Introduction to Text Analysis: A Coursebook

Posted in: text analysis  collaboration  w&l  resources  pedagogy 

[Crossposted on the WLUDH blog]

I am happy to share publicly the initial release of a project that I have been shopping around in various talks and presentations for a while now. This semester, I co-taught a course on “Scandal, Crime, and Spectacle in the 19th Century” with Professor Sarah Horowitz in the history department here at Washington and Lee University. The course counted as digital humanities credit for our students, who were given a quick and dirty introduction to text analysis over the course of the term. In preparing for the class, I knew that I wanted my teaching materials on text analysis to be publicly available for others to use and learn from. One option might be to blog aggressively during the semester, but I worried that I would let the project slide, particularly once teaching got underway. Early conversations with Professor Horowitz suggested, instead, that we take advantage of time that we both had over the summer and experiment. By assembling our lesson plans far in advance, we could collaboratively author them and share them in a format that would be legible for publication both to our students, colleagues, and a wider audience. I would learn from her, she from me, and the product would be a set of resources useful to others.

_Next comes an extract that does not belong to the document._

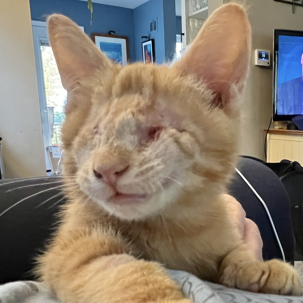 Violet is an outgoing, very cuddly kitten who loves her adoptive sister, Buttercup. Violet came to us with a horrible eye infection and has subsequently had both eyes removed. She has learned to live without her sight and does great! Buttercup helps her navigate the world.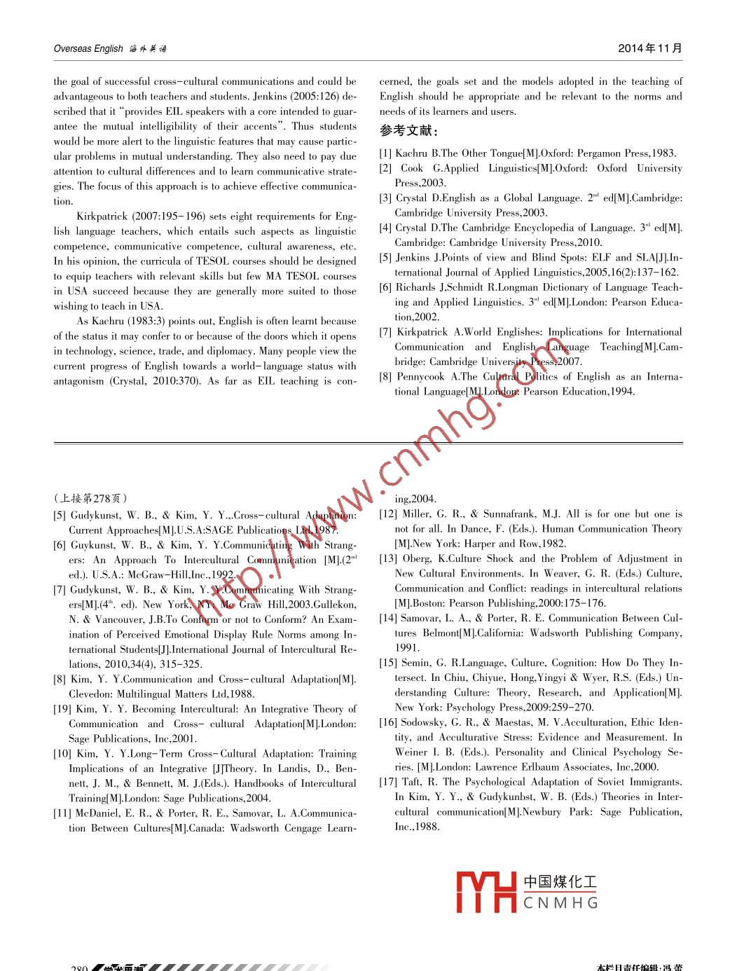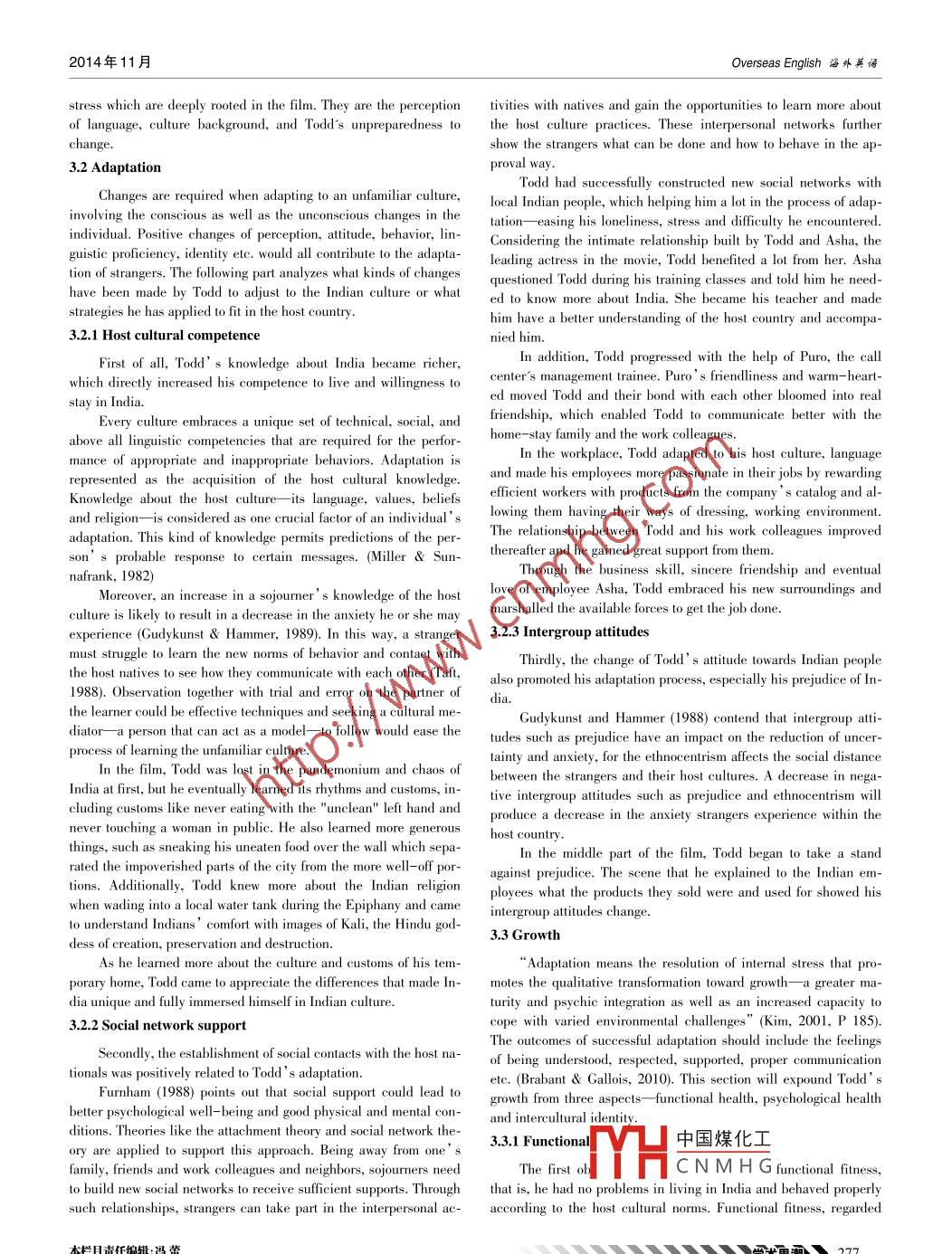 xssc@overseaen.comISSN 1009- -5039htp://ww.overseaen.comOverseas English海外英語Tel:+86- -551- -65690811 65690812The Process of Cross-cultural Adaptation:An A nalysis of Outsourced吳瑩(中國礦業(yè)大學(xué)徐海學(xué)院外語系,江蘇徐州221008)Abstract: This paper employs Kim' s (2001) ‘ Process of Cross- cultural Adaptation theory’ to analyze the film- -Outsourced,and growth are three crucial phrases in the process of cross- cultural adaptation, which are correlated to each other and perform ina cyclic and continual way of‘draw - -back -to- -leap’. In this paper, each phrase is analyzed via employing theories and ilustratingover, implications will be explored by the paper and suggestions will be offered to the sojourners for their better adaptation in thehost country. In addition, the paper presents the diferences between American culture and Indian culture, which are to some ex-tent, the obstacles afecting successful cross-cultural adaptation.Key words: culture shock; culture conflict; cross cultural adaptation中圖分類號:G0文獻(xiàn)標(biāo)識碼:A文章編號: 1009- -5039(2014)21-0275- -041 Introductionto success and how the sojourners' adaptation models are and whatan be done to help these sojourners to surmount cultural obsta-1.1 Overview of the filmOutsourced is a comedy talking about intercultural conflictNo one is possibly to escape from the cultural differences-and romance. The hero, Todd Anderson (Josh Hamilton), is a Seat-uncertainty and unfamiliarity do occur no matter what the hosttle call center manager. He is sent to India to train the low- paidcountry is and who the person is. The term‘a(chǎn)daptation' bears spe-employees for his company and will never come back to Americaal significance, referring to the complex process during whichuntil the call time is reduced to six minutes. Al first, Todd isstrangers acquire the abilities to fit in the host culture (Gudykunstshocked by the Indian culture, fels uncomfortable about every-& Kim, 1988).thing and sticks to his American way in daily life and in the work-1.3 Structure of the paperplace. But through his diligent and enthusiastic India staffs, espe-The aim of this paper is to investigate the cross- cultural adap-cially Puro (Asif Basra), who is a careful and energetic India guytation process by analyzing an American call center manager Toddand Asha (Ayesha Dharker), an independent, beautiful and perspi-Anderson ' s experience of working in India in the film Outsourced.alizes that he has a lot to learn- not only the difference between In-Kim' s (2001) 'stress- adaptation-growth' model has been adopted .dian culture and American culture, but also himself. He soon dis-in this paper to ilustratlel how Todd overcomes the cultural stressescovers that being outsourced is not a disaster anymore; it is the bestand differences to reduce the call time to six minutes, and finallyrealizes self-promotion.thing in his life.2 Literature Review1.2 Background informationThe lerm 'ousourced' is the phenomena of companies which 2.1 The importance of cross cultural adaptationtake jobs in the United States but transport entire divisions to coun-Researchers explore eross- cultural adaptation and highlighttries like India, where they can pay a fraction of the payroll andthe importance of it due to the fact that with the development of glo-overhead to get the same job done. Along with the trend, managersbalization, a large number of sojourners: international students,like Todd are appointed to train the foreign companies to operate inbusiness personnel, diplomats, military personnel as well as the in-the native way and under this circumstance cross- cultural commu-nication occurs.ation that requires a certain degree of cross- cultural adaptationBesides, a growing number of sojourners who live in other(Gudykunst & Kim, 2003). Appropriate cross- cultural adaptationcountries to learn a new language, gain professional sill, or in-can lead to success; what is more, a feeling of success fosters thecrease competitive edge have received numerous researchers’at-tentions (Gullekon & Vancouver, 2009). Researchers have ana-Kim (1988) addresses that sojoumers who cross culturallyzed the common challenges the sojourmers have come across, theboundaries should be aware of the change in the host culture andunfamiliarity of the host country which limits sojourners’abilitiestry their best to exigt in tho neonvirnmont rather than to return中國煤化工MHCNMHG收稿日期:2014-07-20修回日期:2014-08-21本欄目責(zé)任編輯:馮蕾V愿虱275Overseas English海外英語2014年11月home. Besides, cross- cultural adaptation offers opportunities for Kim (2001). Better functional fitness results in the ability to com-new learning and growth, and adapting to a new and unfamiliar cul- municate in accordance with the host cultural norms, which en-ture is not only survival but also a life- changing journey for the so- ables the strangers to participate more in the local activities andjourners.have a better communication with the nationals without stereotyp-2.2 Kim's (2001) 'stress -adaptation- .growth' modelng. The functional fitness together with the host communicationcompetence determines the psychology health of an individual,On account of the muliple facets and dimensions, cross- cul-which is likely to be damaged by the culture shock. If the strangerstural adaptation has been studied from many angles and measuredfail to overcome the frustration caused by culture shock, they mightin terms of various aspects and categories (Kim, 1988). .never gain psychology health. Furthermore, successful adaptationThe model we employed to analyze the adaptation process ofcould never be achieved. W hen individuals no longer strictlyTodd is the‘stress- adaptation- growth' model proposed by Kimbound to their native cultures and immerse themselves in the host(2001). In Kim' s model, she conceptualizes cross- cultural adapta-surroundings,

At a later date I will write more on the collaboration, particularly on how the co-writing process was a way for both of us to build our digital skill sets. For now, though, I want to share the results of our work - Introduction to Text Analysis: A Coursebook. The materials here served as the backbone to roughly a one-credit introduction in text analysis, but we aimed to make them as modular as possible so that they could be reworked into other contexts. By compartmentalizing text analysis concepts, tool discussions, and exercises that integrate both, we hopefully made it a little easier for an interested instructor to pull out pieces for their own needs. All our materials are on GitHub, so use them to your heart’s content. If you are a really ambitious instructor, you can take a look at our section on Adapting this Book for information on how to clone and spin up your own copy of the text materials. While the current platform complicates this process, as I’ll mention in a moment, I’m working to mitigate those issues. Most importantly to me, the book focuses on concepts and tools without actually introducing a programming language or (hopefully) getting too technical. While there were costs to these decisions, they were meant to make any part of the book accessible for complete newcomers, even if they haven’t read the preceding chapters. The book is really written with a student audience in mind, and we have the cute animal photos to prove it. Check out the Preface and Introduction to the book for more information about the thinking that went into it.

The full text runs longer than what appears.